→ **Task to carry out**:
From top to bottom, retype the data exactly, passing over any picture.

→ **Dataset excerpt**:
----

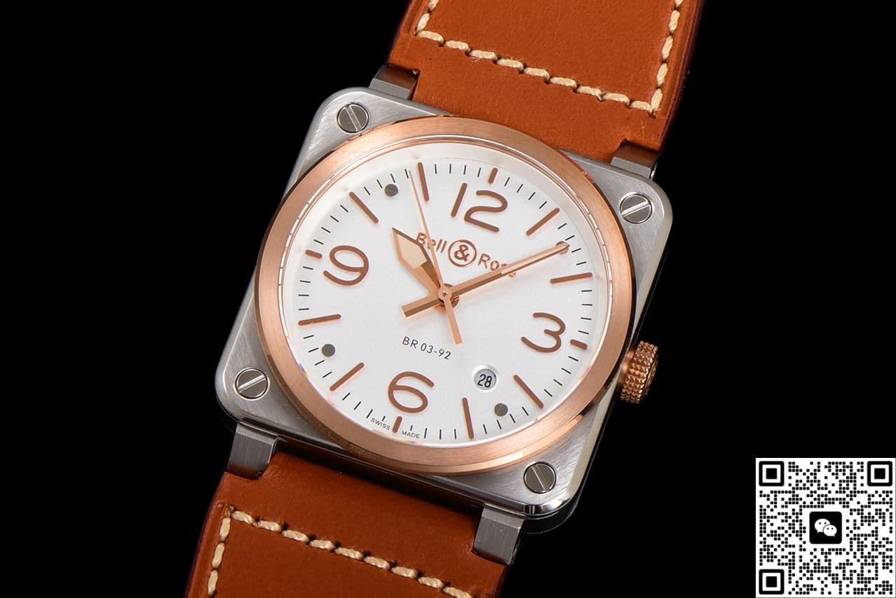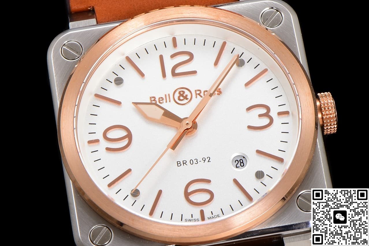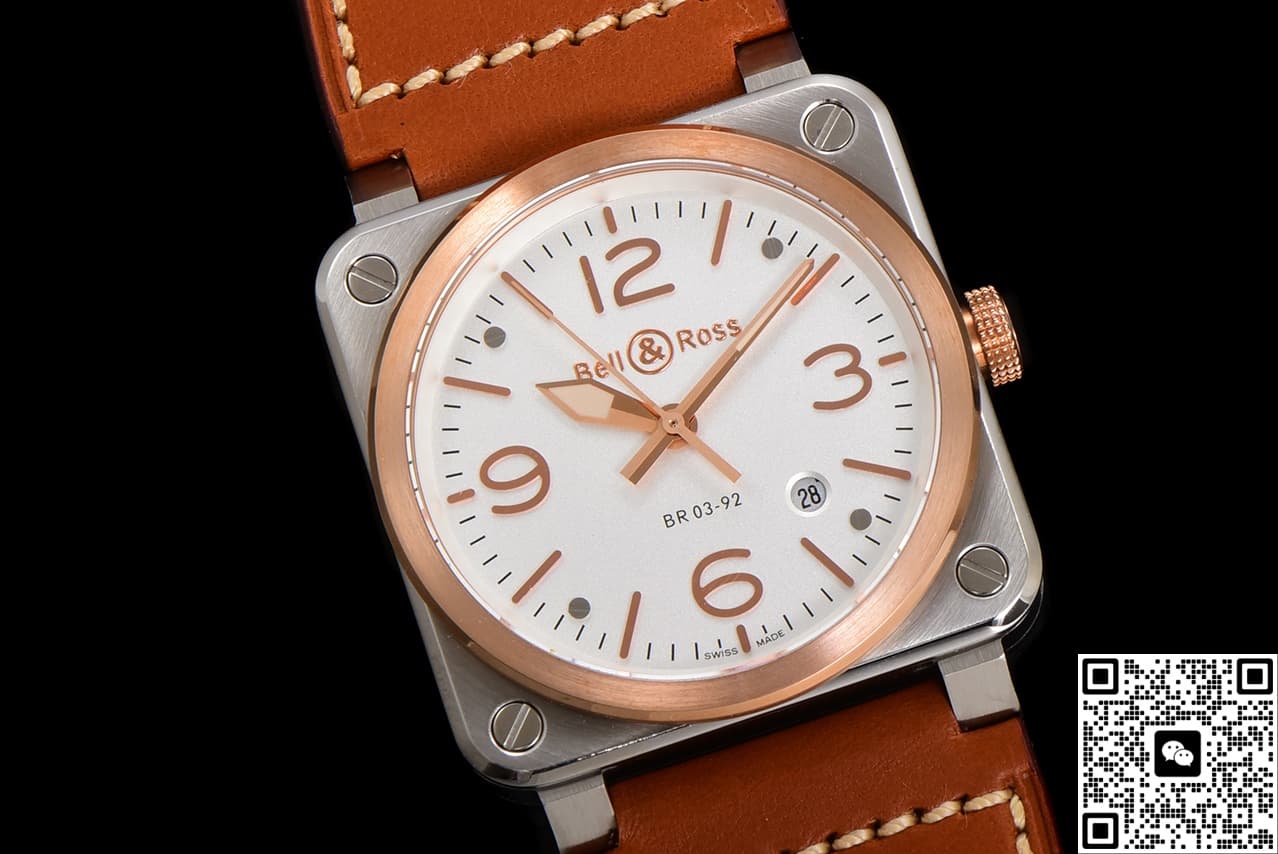 BR Factory Bell Ross INSTRUMENTS BR03A-WH-STPG-SCA Cowhide Strap Replica watch For Sale, it is a watch made by replicating the various parts of the genuine watch according to 1:1 mold opening, that is, a replica watch. Its design, materials, and workmanship will strictly imitate the authentic manufacturing. This kind of watch has many advantages such as high simulation degree, fine workmanship and stable performance. Most replica watches can also achieve all the functions of the original watch, which is why many replica watches can be exported overseas. If you are looking to buy a high imitation watch, then this BR Factory Replica Bell Ross INSTRUMENTS BR03A-WH-STPG-SCA Cowhide Strap is a very good choice.
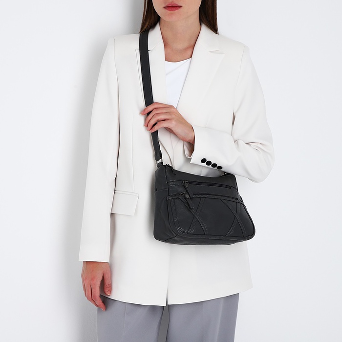 Сумка женская кросс-боди на молнии, 25×11×19 см, тёмно-серая — Характеристики
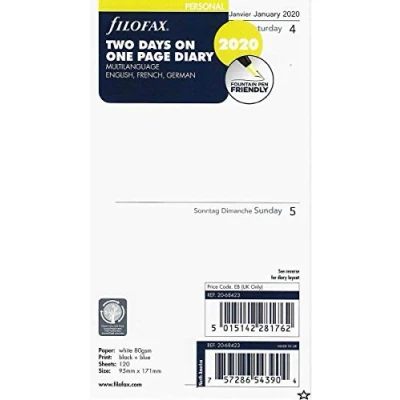Filofax Personal Two Days per Page 3 Language 2020 Diary
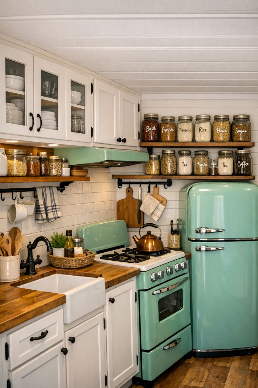 The kitchen is a marvel of compact design, featuring white cabinetry with glass-front doors that reveal neatly arranged dishware. Butcher block countertops provide ample space for meal preparation, while a small farmhouse sink adds to the rustic charm. Open shelving holds an array of jars filled with spices and dry goods, each labeled in a whimsical handwritten script. A vintage-style stove and refrigerator, both in a soft mint green, complete the look, offering modern convenience with a nostalgic twist.

----

→ **Written response**:
 BR Factory Bell Ross INSTRUMENTS BR03A-WH-STPG-SCA Cowhide Strap Replica watch For Sale, it is a watch made by replicating the various parts of the genuine watch according to 1:1 mold opening, that is, a replica watch. Its design, materials, and workmanship will strictly imitate the authentic manufacturing. This kind of watch has many advantages such as high simulation degree, fine workmanship and stable performance. Most replica watches can also achieve all the functions of the original watch, which is why many replica watches can be exported overseas. If you are looking to buy a high imitation watch, then this BR Factory Replica Bell Ross INSTRUMENTS BR03A-WH-STPG-SCA Cowhide Strap is a very good choice.
 Сумка женская кросс-боди на молнии, 25×11×19 см, тёмно-серая — Характеристики
Filofax Personal Two Days per Page 3 Language 2020 Diary
 The kitchen is a marvel of compact design, featuring white cabinetry with glass-front doors that reveal neatly arranged dishware. Butcher block countertops provide ample space for meal preparation, while a small farmhouse sink adds to the rustic charm. Open shelving holds an array of jars filled with spices and dry goods, each labeled in a whimsical handwritten script. A vintage-style stove and refrigerator, both in a soft mint green, complete the look, offering modern convenience with a nostalgic twist.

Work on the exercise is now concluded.